Пахло старостью и всеми ее побочными явлениями, дешевым мылом и мазью грушанки, спиртом и детским питанием, и поверх всего реял острый запах мочи. Хэнк сморщил нос от омерзения. Но, с другой стороны, подумал он, почему бы старикам не жить в своем старом мире, а новорожденным, мамам и прочим – в новом?
– Да… полагаю, он уже не мальчик.
Сестра остановилась у самой последней двери.
– Мы предоставили ему одноместную палату. Сейчас у него мистер Стоукс.
– Она понизила голос до пронзительного шепота: – Я знаю, что вы просили пока никого к нему не пускать, но я подумала… ну Боже ж мой, они такие старые друзья, что в этом может быть плохого? – Она улыбнулась, распахнула дверь и объявила: – Еще посетитель, мистер Стампер.
С подушки поднимается осунувшееся лицо, обрамленное седой гривой, и разражается гоготом.
– Ну и ну, а я уж начал думать, что все мои решили, что я сдох. Садись, сынок. Садись. Постой. Тут у меня старина Боки. Подбадривает меня, как добрая душа.
– Здравствуй, Хэнк. Прими мои соболезнования. – Старческая рука дотрагивается до Хэнка с шуршащим, пергаментным звуком и тут же резко отдергивается, чтобы прикрыть привычный кашель. Хэнк смотрит на отца.
– Как ты, папа?
– Так себе, Хэнк, так себе. – Он тоскливо прикрывает унылые глаза. – Док говорит, что мне не скоро удастся вернуться на работу, может, даже очень не скоро… – И вдруг глаза снова вспыхивают упрямым зеленым огнем. – Но он считает, что через неделю я уже смогу играть на скрипке. Да, сй-йи-хи-хо-йихи-хо! Берегись, Бони, они так накачали меня наркотиками, что я стал опасен.
– Ты бы лучше успокоился, Генри, – произносит Бони сквозь пальцы, которыми все еще прикрывает узкую щель своего рта.

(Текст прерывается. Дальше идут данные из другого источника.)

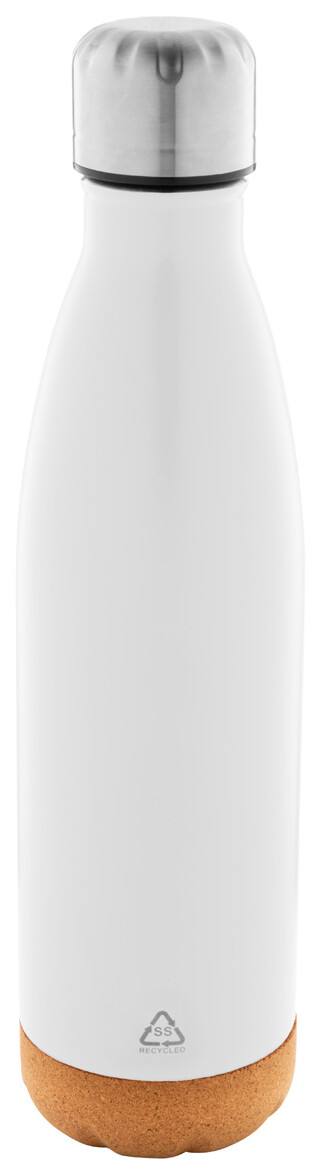 Dvoustěnná vakuově izolovaná láhev z recyklované nerezové oceli s přírodním korkem. 500 ml.
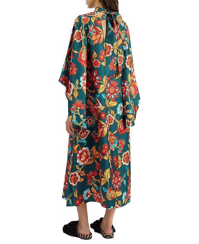 Платье Magnifico, которое вы все знаете и в котором ошеломляете, но скроено с более коротким подолом миди, чтобы привнести больше роскоши в ваш повседневный гардероб. Как и его сестра, оно имеет воротник-стойку, длинный пояс сзади и драпированные рукава-водопад, и сшито из нашего роскошного шелкового твила с тонким переплетением и блеском. Сделайте так, как это делает JJ, и переверните его для столь же соблазнительного вида!
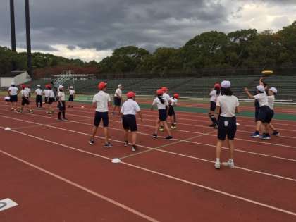 コートが狭いのとフリスビーの飛び方が予測しにくいため、どんな子でも当てやすく楽しんでいました。
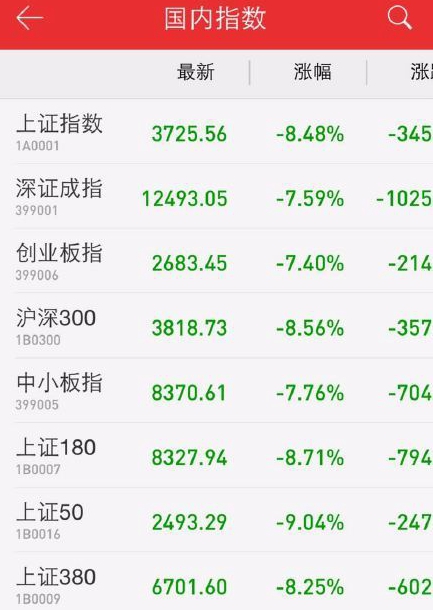央廣網北京7月27日消息 上證綜指尾盤急速跳水,跌幅擴大至8.48%,報3725.56。今日或創2007年6月以來最大跌幅。深成指報12493.05,跌幅7.59%;創業板指報2683.45點,跌幅7.40%。兩市逾千股跌停,再迎跌停潮。
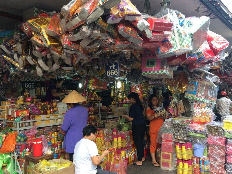 Các mặt hàng cúng lễ được trưng bày đỏ rực cả con phố, tấp nập người ra vào mua bán. Ngay từ sớm, nhiều người tranh thủ mua đồ để kịp cho lễ cúng Táo Quân.
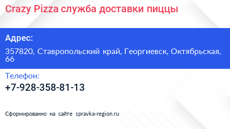 Crazy Pizza, служба доставки пиццы по адресу 357820, Ставропольский край, Георгиевск, Октябрьская, 66 в дальнейшем Организация, размещена в следующих категориях:
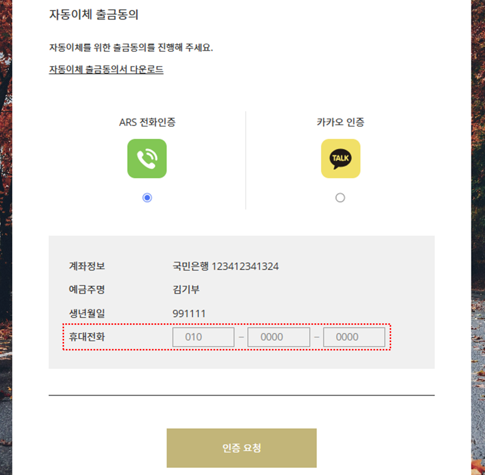 - Step1에서 인증을 완료한 휴대전화로 자동이체 출금동의가 진행됩니다. (결제수단=자동이체인 경우)

– Нет, ты его только послушай, сынок! Сколько он мне доставил удовольствия своим приходом! Вот, садись на кровать, если нет стула. Сестричка, у меня что, всего один стул? Может, ты принесешь еще один для моего мальчика? И как насчет кружки пойла?
– Кофе предназначен для пациентов, мистер Стампер, а не для посетителей.
– Я оплачу его, черт подери! – Он подмигивает Хэнку. – Ну, я тебе скажу… когда меня доставили сюда тем вечером, ты даже не поверишь, чего они только не требовали заполнить. Похоже, ты отказался, так пришлось мне все это делать.
– Это неправда! – возмущенно поспешила вставить сестра; но Генри дальше не стал распространяться о той ночи.
– Да, сэр, всевозможнейшие процедуры. Даже отпечатки пальцев хотели взять, невзирая на то что я не слишком годился для этого. – Сестра вышла из палаты и поспешила прочь по коридору. Генри проводил ее взглядом знатока. – Мурашки по коже… Впилиться бы в нее по самые яйца и затрахать до смерти, моей, естественно.
– Не в том ты возрасте, чтобы трахаться, – заметил Бони, не уступая ни на йоту.
– Это у тебя ничего не осталось, кроме челюстей, Бони. А у меня, если хочешь знать, еще три своих собственных зуба, и два из них даже друг против друга. – Он открыл рот и продемонстрировал. Но это как будто полностью лишило Генри сил, и он откинулся на подушку с закрытыми глазами. Когда он снова открыл их, чтобы взглянуть на своего угрюмого посетителя, бодрость его уже была какой-то вымученной. – Эта проклятая баба целыми днями только и ждет, чтобы я откинул копыта и она могла бы как следует застелить кровать. Вот и злится, что я все еще жив.
– Она просто беспокоится, – невозмутимо заметил Бони. – У нее есть все основания беспокоиться о тебе, старина.
– Дерьмо, а не основания, – с готовностью принял вызов Генри. – Стервятники ко мне даже близко не подлетали. Ты послушай его, Хэнк, этого старого разбойника. Я их даже слыхом не слыхал.
Хэнк слабо улыбается. Бони покачивает головой и опускает ее вниз: «Ай-ай-ай». Он чувствует, сегодня – его день, и он не позволит заглушить свой трубный глас краха всякими там смешочками.
Генри не нравится это покачивание головой.
– Думаешь, нет? Разве я не говорил всегда, что с привязанной к спине рукой повалю больше деревьев, чем любой другой по эту сторону Каскада двумя? Вот теперь у меня есть возможность доказать это. Ты только подожди и увидишь, как я… – Его посещает внезапная мысль, и он поворачивается к Хэнку: – Кстати, а что с той рукой? Потому что, знаешь… – Он выдерживает паузу, прежде чем сообщить: – Я вроде как привязался к ней!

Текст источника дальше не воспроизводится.